All that should come back is the lines of the data below from the one containing "Выводятся и сохраняются" to the one containing "教育配套作为项目核心竞争力之", inclusive, exactly as they stand.

Given data -
────────────────────────────────────────

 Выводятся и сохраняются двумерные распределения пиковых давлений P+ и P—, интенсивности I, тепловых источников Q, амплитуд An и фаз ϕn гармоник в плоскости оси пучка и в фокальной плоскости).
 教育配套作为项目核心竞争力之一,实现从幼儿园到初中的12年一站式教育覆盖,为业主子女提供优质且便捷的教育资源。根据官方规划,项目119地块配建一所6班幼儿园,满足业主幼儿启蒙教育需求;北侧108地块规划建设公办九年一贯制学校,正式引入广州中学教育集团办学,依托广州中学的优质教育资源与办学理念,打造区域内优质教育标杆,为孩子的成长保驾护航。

────────────────────────────────────────

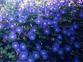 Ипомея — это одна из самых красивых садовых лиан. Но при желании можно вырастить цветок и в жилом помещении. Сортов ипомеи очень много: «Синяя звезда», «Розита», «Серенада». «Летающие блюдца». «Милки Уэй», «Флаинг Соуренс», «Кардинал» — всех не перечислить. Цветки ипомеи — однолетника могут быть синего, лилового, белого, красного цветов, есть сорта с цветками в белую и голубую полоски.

────────────────────────────────────────

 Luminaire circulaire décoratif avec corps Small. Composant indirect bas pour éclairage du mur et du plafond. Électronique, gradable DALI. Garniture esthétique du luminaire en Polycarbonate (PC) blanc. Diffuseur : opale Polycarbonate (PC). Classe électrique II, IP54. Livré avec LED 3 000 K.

────────────────────────────────────────

Output below -
 Выводятся и сохраняются двумерные распределения пиковых давлений P+ и P—, интенсивности I, тепловых источников Q, амплитуд An и фаз ϕn гармоник в плоскости оси пучка и в фокальной плоскости).
 教育配套作为项目核心竞争力之一,实现从幼儿园到初中的12年一站式教育覆盖,为业主子女提供优质且便捷的教育资源。根据官方规划,项目119地块配建一所6班幼儿园,满足业主幼儿启蒙教育需求;北侧108地块规划建设公办九年一贯制学校,正式引入广州中学教育集团办学,依托广州中学的优质教育资源与办学理念,打造区域内优质教育标杆,为孩子的成长保驾护航。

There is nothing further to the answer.